Ryan McAdams writes "Popular websites, such as Facebook, are wasting as much as 75MBit/sec of bandwidth due to excessively long URLs. According to a recent article over at O3 Magazine, they took a typical Facebook home page, looked at the traffic statistics from compete.com, and figured out the bandwidth savings if Facebook switched from using URL paths which, in some cases, run over 150 characters in length, to shorter ones. It looks at the impact on service providers, with the wasted bandwidth used by the subsequent GET requests for these excessively long URLs. Facebook is just one example; many other sites have similar problems, as well as CMS products such as Word Press.
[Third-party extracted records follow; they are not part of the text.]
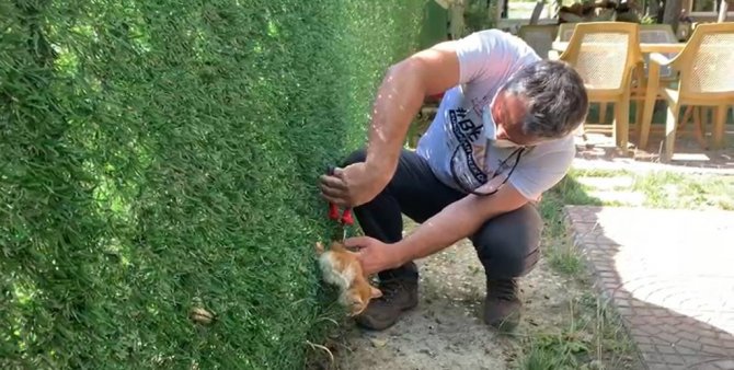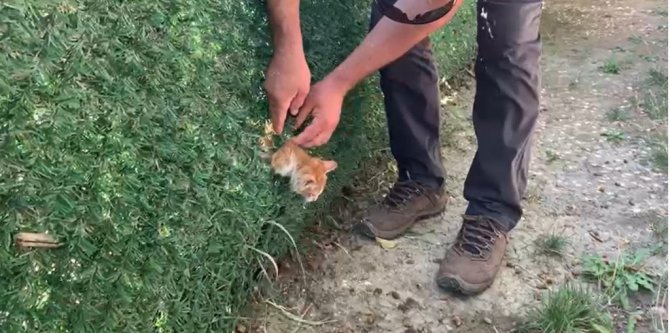 Yavru kediyi kurtaran dağcı Akif Söyler, "Geldiğimizde burada kedi sıkışıp kalmıştı. Bağırıyordu ve annesi de yardım bekliyordu. Pense ile teli kestik ve genişlettik. Yavru kediyi kurtardık buradan. Tekrar buradan girerse diye geniş bırakıyorum burayı. Kedilerimiz bir daha burada kalmasın" dedi.
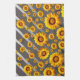 Paño De Cocina Hermosas flores amarillas sobre rayas grises y pla
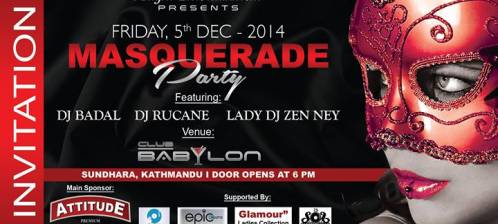 Knights Entertainment presents Masquerade Party @ New ClubBabylon Dj:-Dj Badal Dj Rucane #Dj Zen Ney(Ladies) Main Sponcer by:- My NEPAL My Attitude Vodaka Supported by:- Knob Dj School,ECP Dream,New Club Babylone Date: Dec 5 Friday Time:7pm Onwards Venue:Babylone..
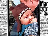 這張照片是《太陽報》的狗仔大隊在他們夫妻倆帶著兒子逛紐約大街時拍到的。當天天清氣爽,蓋·里奇抱著頭戴毛帽、身穿最流行小背心的小羅科,正要過馬路去跟孩子的娘會合。而麥當娜正在另一家百貨公司,搶買打折的嬰兒用品。
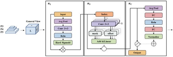 where , , and correspond to scale-aware, spatial-aware, and task-aware attention functions, which act on dimensions L, S, and C, respectively, with expressions shown in (7)–(9).
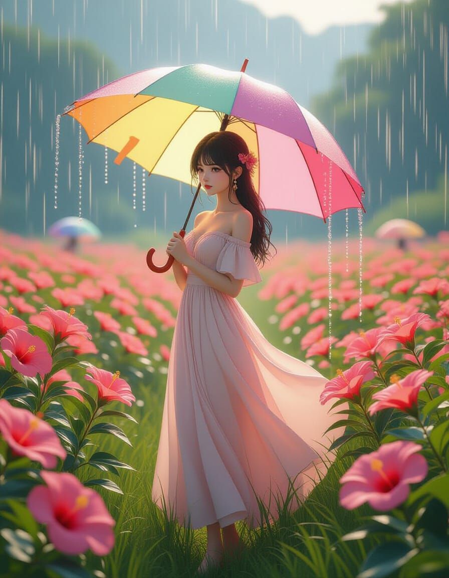 A digital painting of a woman with an umbrella in a field of flowers during a rain shower. The art blends anime and whimsical fantasy elements with rich colors and dramatic lighting.
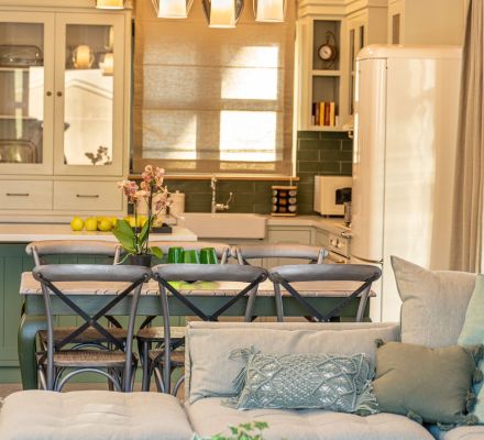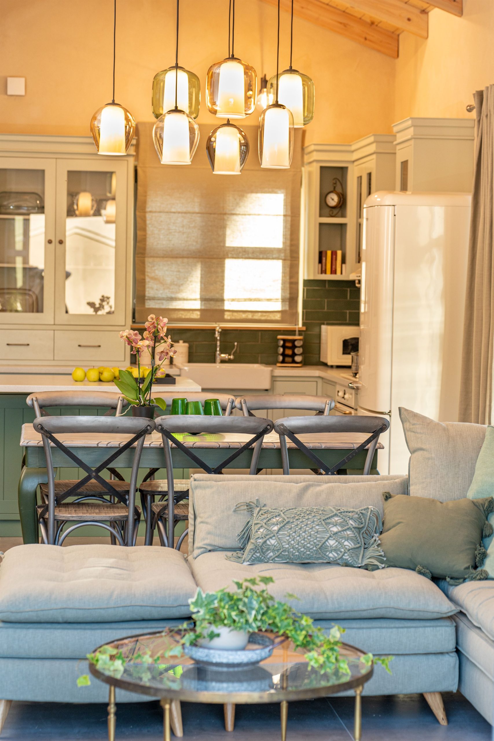 Ενιαίος, ανοιχτός χώρος με άνετο καναπέ και τραπέζι φαγητού, συνδεδεμένος με πλήρως εξοπλισμένη κουζίνα που διαθέτει ό,τι χρειάζεστε για την αυτόνομη προετοιμασία γευμάτων.
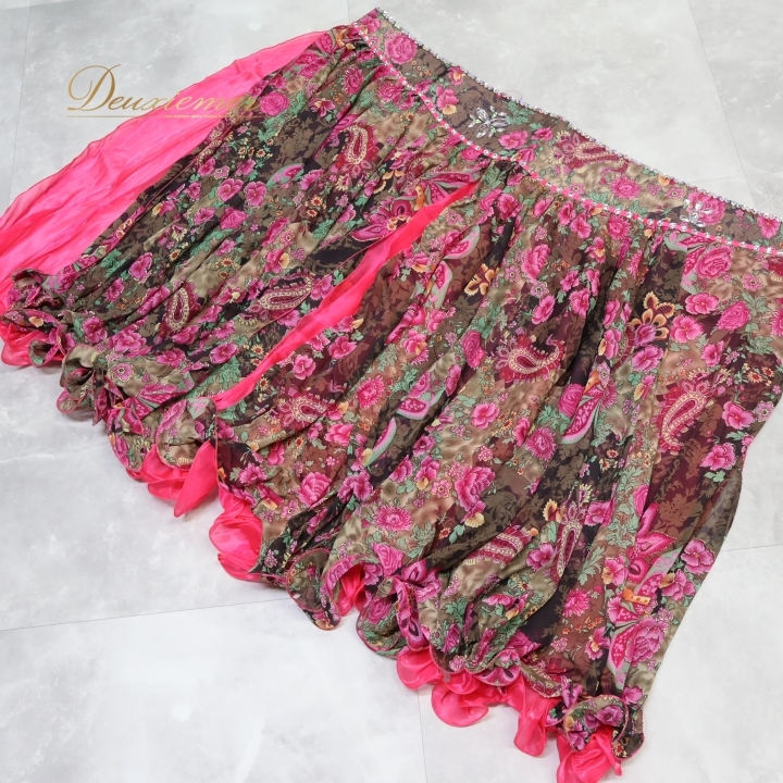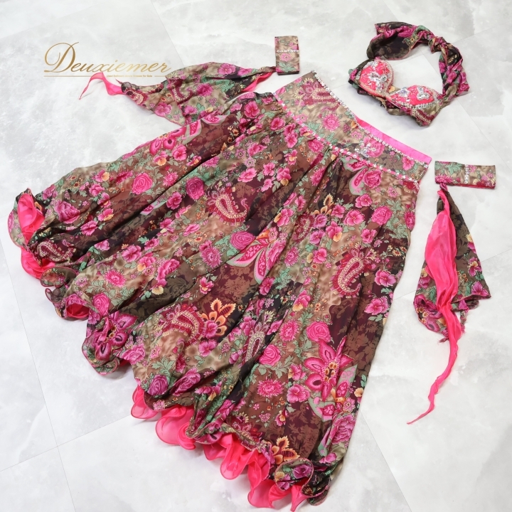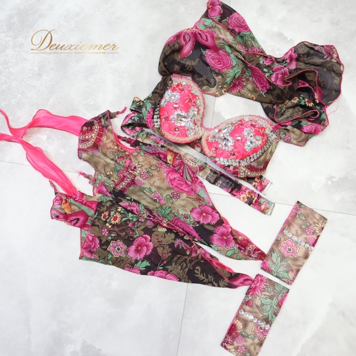 | 【商品名】ベリーダンス オリエンタル衣装 上下セット トップス 【サイズ】表記無し 平置き実測:パッド両端長さ約27cm、ネックストラップ右約57cm 左約51cm、 アンダーストラップ(ブラ部分を除く)上約35cm 下約38cm ※実測の為、多少の誤差はご容赦願います 【仕様】 ・アンダーストラップのみ伸縮性有り 【品質表示】 表示無し スカート 【サイズ】表記無し 平置き実測:総丈約90cm、幅約85cm、スリット約76cm ※実測の為、多少の誤差はご容赦願います ※クリップで留めて撮影しています 【仕様】 ・ホック仕様 ・1か所スリット有り 【品質表示】 表示無し ------------------------------------ 【ポイント】 ▽ブラウンを基調とした華やかな色合い ▽かわいい花柄デザイン ▽アーム飾り付き! ------------------------------------ 【撮影時使用トルソー】 種 類:女性用トルソー9号 (一般的に使用されるサイズです) サイズ:肩幅約38cm、バスト約86cm、ウエスト約64cm、ヒップ約84cm |
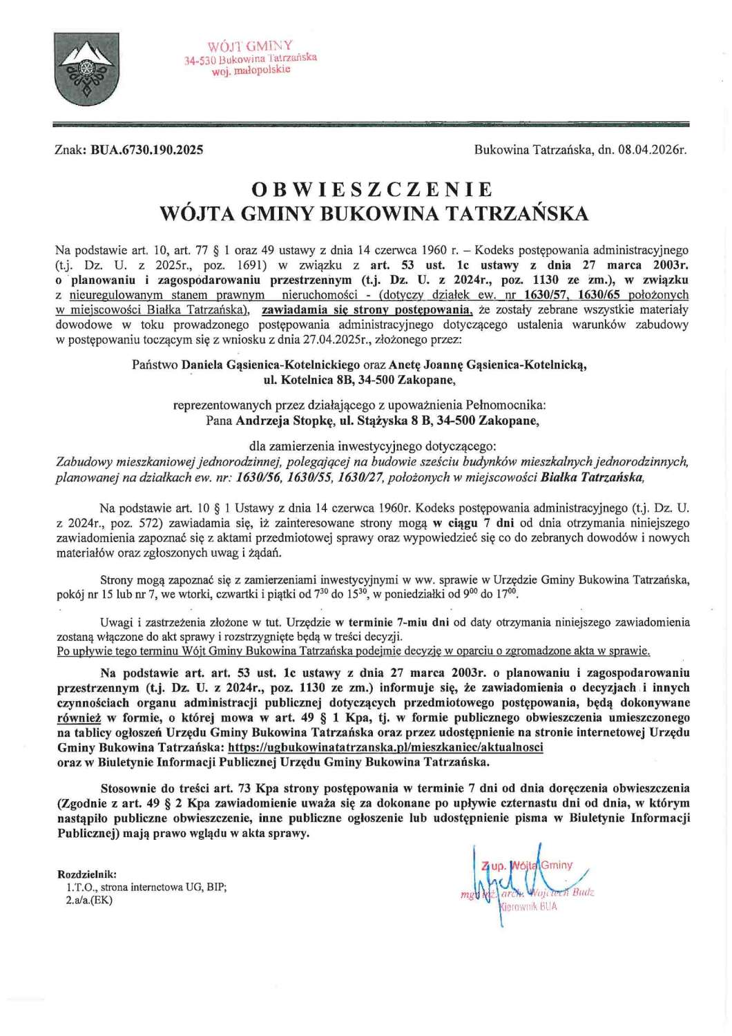Obwieszczenie z dnia 08.04.2026r. Wójta Gminy Bukowina Tatrzańska znak: BUA.6730.190.2025
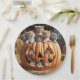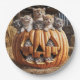 A group of kittens is adorably nestled inside a large carved pumpkin set against a rustic barn backdrop.
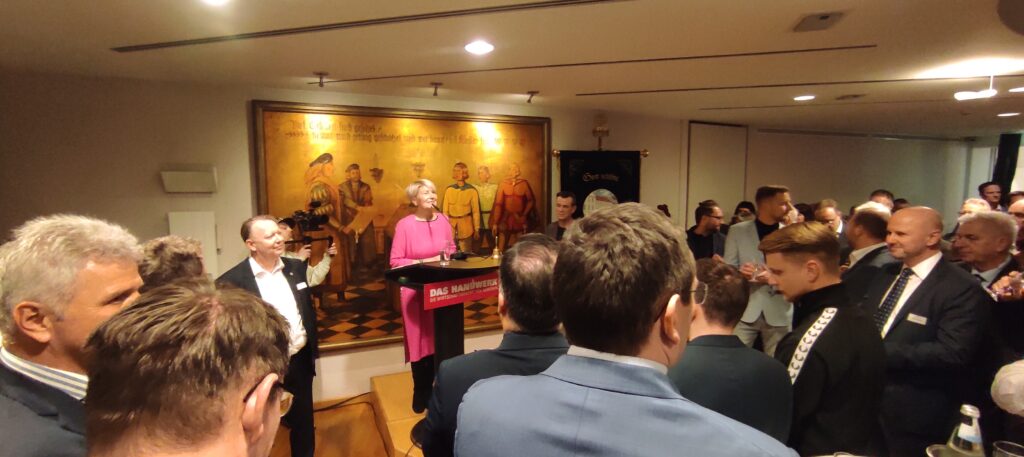HWK-Präsidentin Corina Reifenstein und Wirtschaftsminister Jörg Steinbach informieren sich vor Ort.
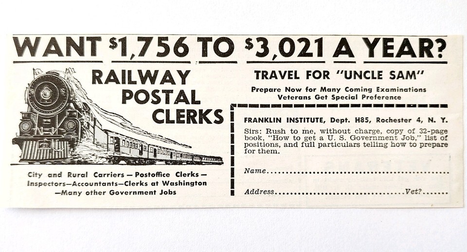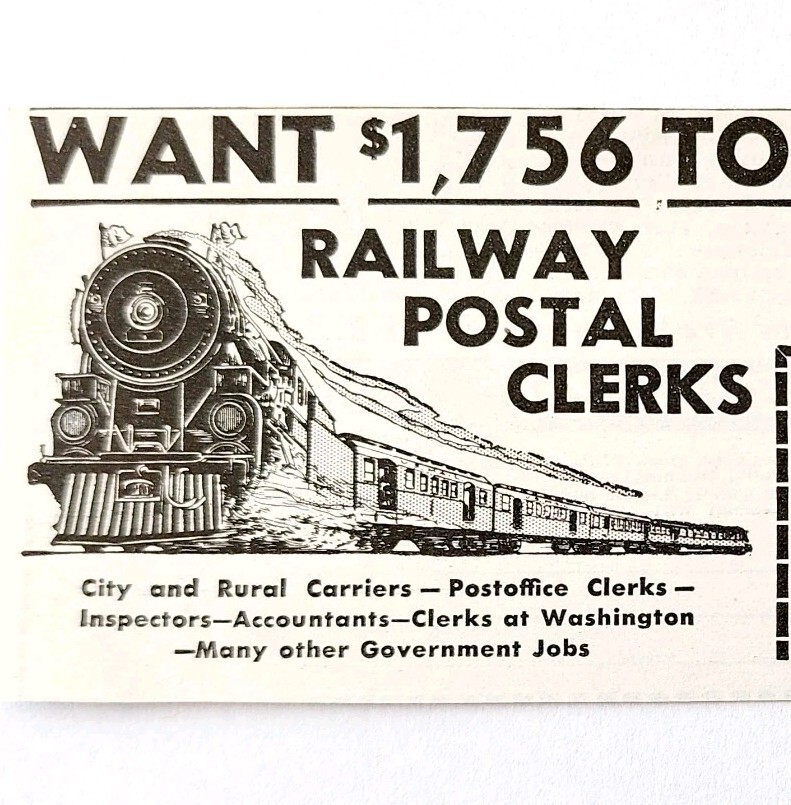 1947 Railway Postal Clerk Advertisement Vintage Trains Railroad Job E8K
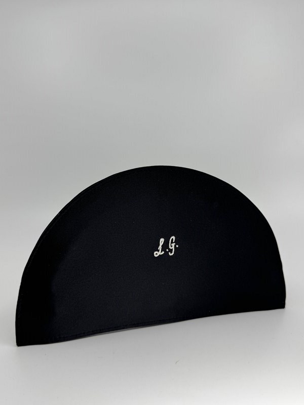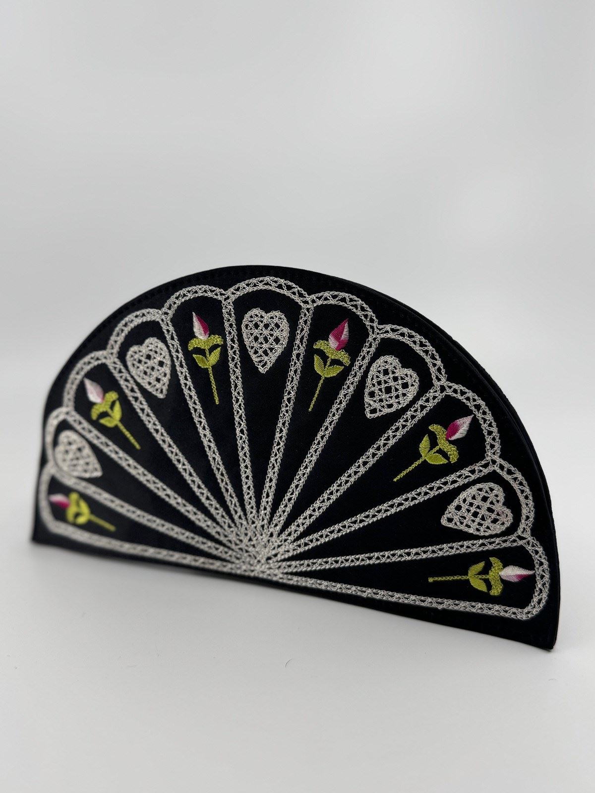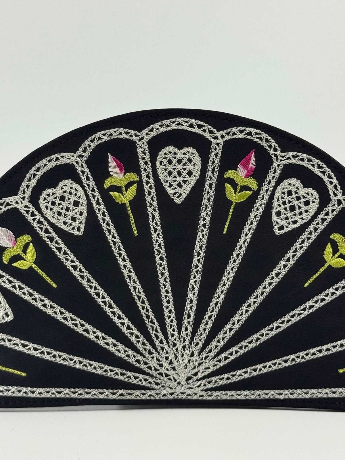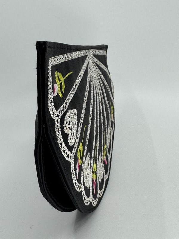 The design differs from the first 1990s original (see final pic from the LG archive) in that it doesn't have the scalloped top, and has a flat base, but the embroidery on black satin and the colours of the fan decor to the front, mimic exactly the original 1995 Fan clutch bag.
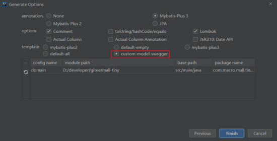 </#list>}1.2.3.4.5.6.7.8.9.10.11.12.13.14.15.16.17.18.19.20.21.22.23.24.25.26.27. 然后再运行代码生成器,选择只生成带Swagger注解的实体类;

It's an interesting approach to web optimization for high traffic sites."

5 of 379 comments (clear)

  1. Re:Can they not use... by dotgain · · Score: 5, Funny

    No, they cannot use TinyURL (read: goatse, tubgirl et. al) thank you very much.

  2. Better idea by Anonymous Coward · · Score: 5, Funny

    Just use a smaller font for the URL!

  3. Re:Can they not use... by gbh1935 · · Score: 5, Funny

    This thread is wasting more bandwidth

  4. Re:Can they not use... by guyminuslife · · Score: 5, Funny

    That's nothing. This is the most disgusting shit you'll ever see on the Internet.

    --
    I don't believe in time. It's a grand conspiracy designed to sell watches.
  5. Re:Can they not use... by Dan541 · · Score: 5, Funny

    http://tinyurl.com/6rywju

    Tiny url is not all bad, this is one example of a positive use.

    --
    An SQL query goes to a bar, walks up to a table and asks, "Mind if I join you?"